◆ Records for the exercise ◆

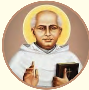
ST. KURIAKOSE ELIAS CHAVARA
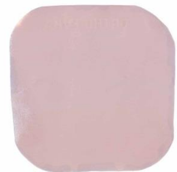
Picture 4 The patch
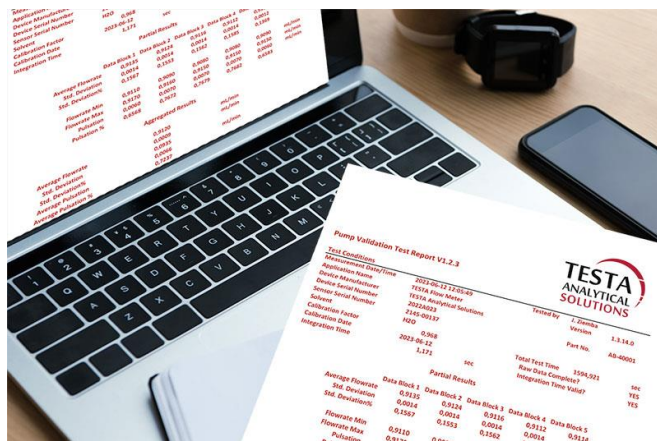
Caption: Audit ready HPLC Pump Qualification Pack
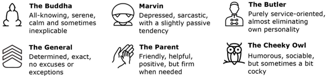
Figure 1. An incomplete list of possible personalities for the room intelligence.

Besides an adequate expression of the room intelligence’s personality, another central question is how the room intelligence can actively attract and guide its users’ attention in the environment.
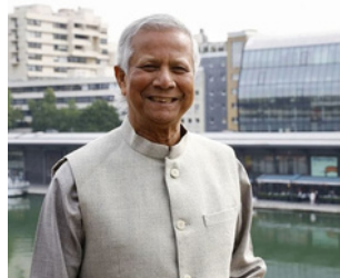
Founder of HDFC BankHint: Known as the 'Father of Microfinance', I won the Nobel Peace Prize in 2006."
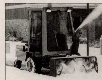
The Hustler snow thrower.

Vista's screen images, base irrigation program and flow balancing are accurate because they are created directly from the irrigation designer's Auto CAD plan. The program can be fine-tuned to meet course-specific micro climate and soil conditions. As adjustments are made, Vista calculates a new schedule using its dynamic flow balancing utility for optimum pump and system efficiency. Vista is based on Internet Explorer. For more information, contact 800-248-6561, or www.huntergolf.com .
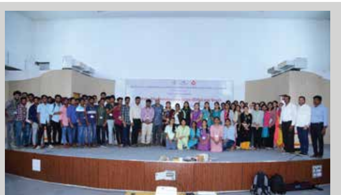
Glimpses from the seminar
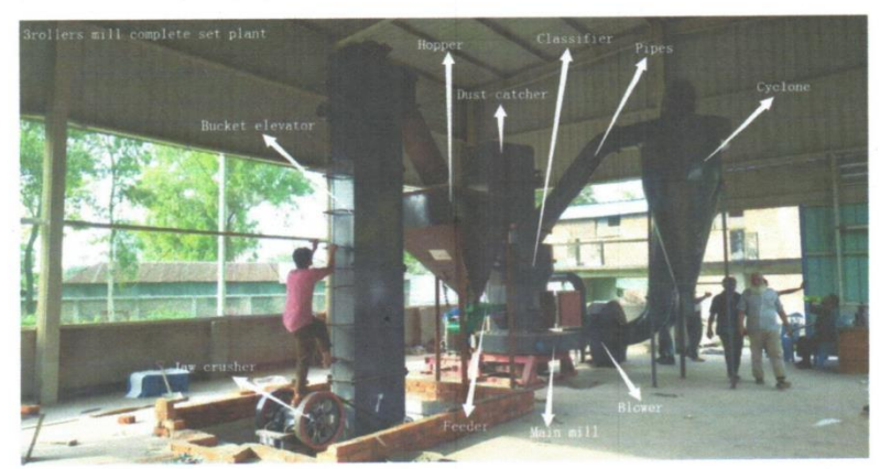
Figure 3. The YGM recommended workplace.
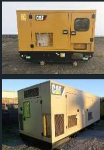
Supplying electricity generators
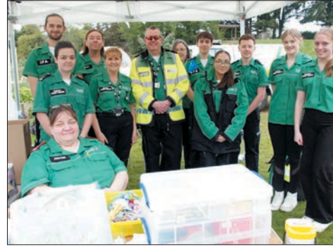
St. John Ambulance stall
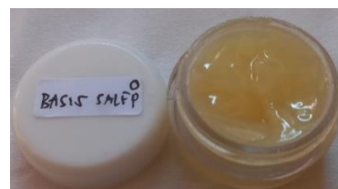
Figure 1. Ointment base

The ointment base is prepared by mixing anhydrous lanoline with vaseline to produce a yellowish semi-solid ointment base as shown in Figure 1.
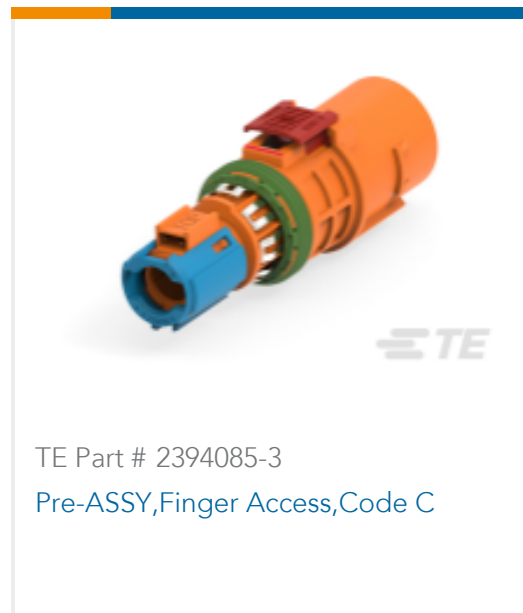
TE Part # 2394085-3 Pre-ASSY, Finger Access, Code C
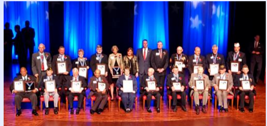
Ohio Veterans Hall of Fame Class of 2015
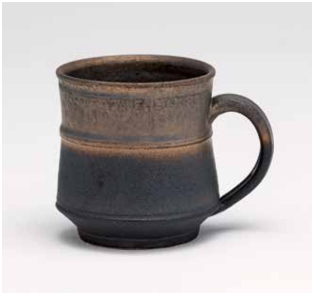
MUG COPPER GLAZE 3.5 x 4.5 x 3.5" YH1025
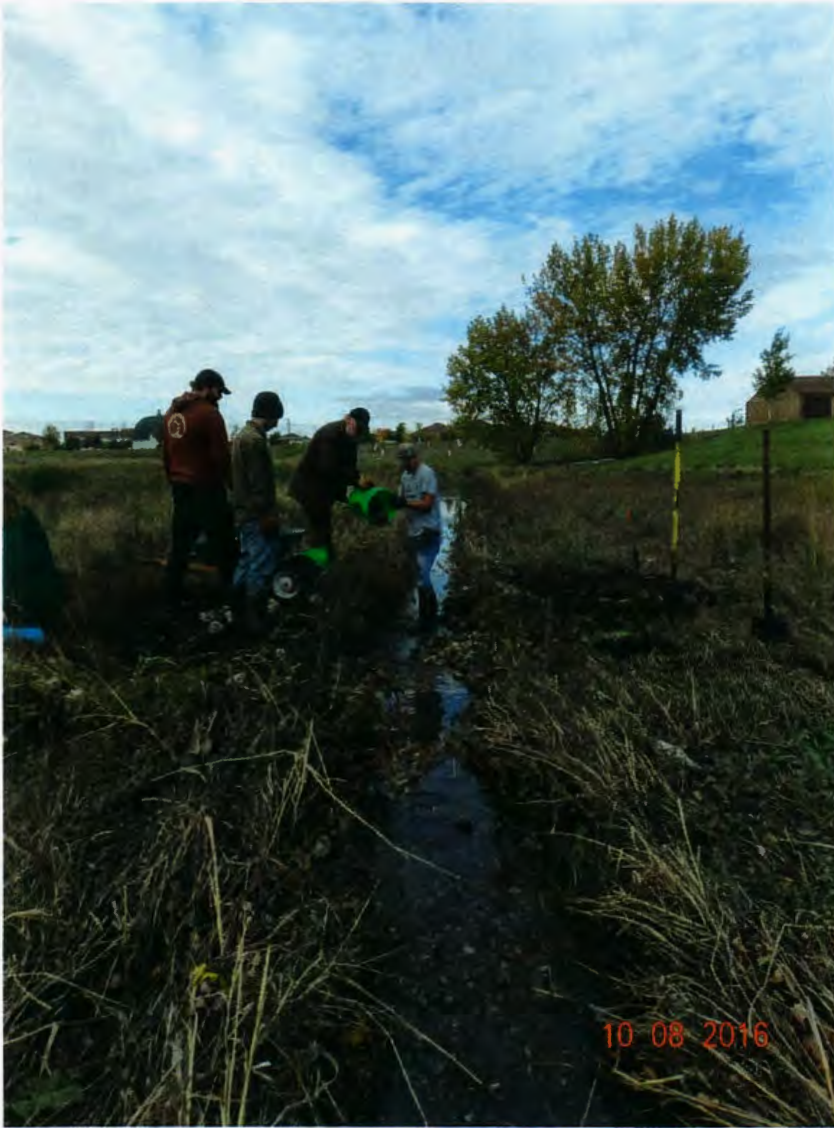
Induced Stream Meandering (October 2016)

◆ What this task involves ◆
Repeat every line of the data exactly, but do not include pictures.

◆ Answer to this exercise ◆
ST. KURIAKOSE ELIAS CHAVARA
Picture 4 The patch
Caption: Audit ready HPLC Pump Qualification Pack
Figure 1. An incomplete list of possible personalities for the room intelligence.

Besides an adequate expression of the room intelligence’s personality, another central question is how the room intelligence can actively attract and guide its users’ attention in the environment.
Founder of HDFC BankHint: Known as the 'Father of Microfinance', I won the Nobel Peace Prize in 2006."
The Hustler snow thrower.

Vista's screen images, base irrigation program and flow balancing are accurate because they are created directly from the irrigation designer's Auto CAD plan. The program can be fine-tuned to meet course-specific micro climate and soil conditions. As adjustments are made, Vista calculates a new schedule using its dynamic flow balancing utility for optimum pump and system efficiency. Vista is based on Internet Explorer. For more information, contact 800-248-6561, or www.huntergolf.com .
Glimpses from the seminar
Figure 3. The YGM recommended workplace.
Supplying electricity generators
St. John Ambulance stall
Figure 1. Ointment base

The ointment base is prepared by mixing anhydrous lanoline with vaseline to produce a yellowish semi-solid ointment base as shown in Figure 1.
TE Part # 2394085-3 Pre-ASSY, Finger Access, Code C
Ohio Veterans Hall of Fame Class of 2015
MUG COPPER GLAZE 3.5 x 4.5 x 3.5" YH1025
Induced Stream Meandering (October 2016)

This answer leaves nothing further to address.